Deisseroth’s team showed that by inhibiting or exciting these cells with light pulses, they could turn gamma oscillations off or on repeatedly. Moreover, they demonstrated that by turning these gamma-generating neurons on, they effectively improved the signal-to-noise properties of the cortical circuits into which they were wired, indicating how well the signal was transmitted.
The gamma-oscillation question drew the interest of another research team, based in the laboratory of Christopher Moore at the Massachusetts Institute of Technology. Also reporting April 26 in Nature, Moore and colleagues, with assistance from Feng Zhang and Deisseroth from Stanford, showed similar results in the brains of live mice.
To highlight the potential medical applications of the technique, Deisseroth’s team performed a study that clarifies the effect of deep brain stimulation (DBS), an increasingly common treatment for Parkinson’s disease and in experimental use for other disorders. DBS involves electrode stimulation of brain tissue in and around the subthalamic nucleus, but how that alleviates Parkinson’s symptoms hasn’t been clear. By systematically exciting or inhibiting individual circuits in this region using optogenetics techniques in live mice, Deisseroth’s group identified incoming sensory-cortex nerves as the ones whose stimulation led to the kind of improved hypothalamic activity seen in human patients. They reported the results in Science on April 17.
Aston-Jones notes that optogenetics techniques have limitations, especially that they are invasive, which means research in humans is far less likely. “There also are limitations for the penetration of light in tissue, so if you’re trying to reach for example a large subcortical area, it might be difficult,” he says.
Even so, his lab is preparing use the techniques for new research. Aston-Jones also praises the Deisseroth lab for having made information about the techniques, including the necessary equipment, freely available on its lab Web site. “That Web site and their collaborative nature will continue, I’m sure, to facilitate the use of this method by lots of labs,” Aston-Jones says.

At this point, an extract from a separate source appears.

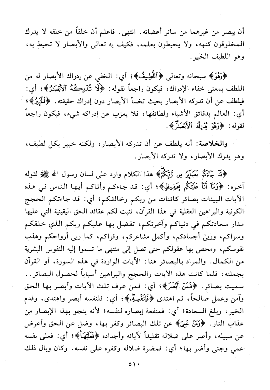 أن يبصر من غيرهما من سائر أعضائه. انتهى. فاعلم أن خلقًا من خلقه لا يدرك المخلوقون كنهه، ولا يحيطون بعلمه، فكيف به تعالى والأبصار لا تحيط به، وهو اللطيف الخبير.

The number of studies using optogenetics techniques may rise in coming years. “There are more tools on the way with new properties, and we are beginning to target this arsenal of optical tools to other basic-neuroscience and disease-model questions,” says Deisseroth. In particular, he adds, “in my clinical work, I see patients with depression and autism-spectrum disease, and we are beginning to explore questions relating to these devastating diseases as well.”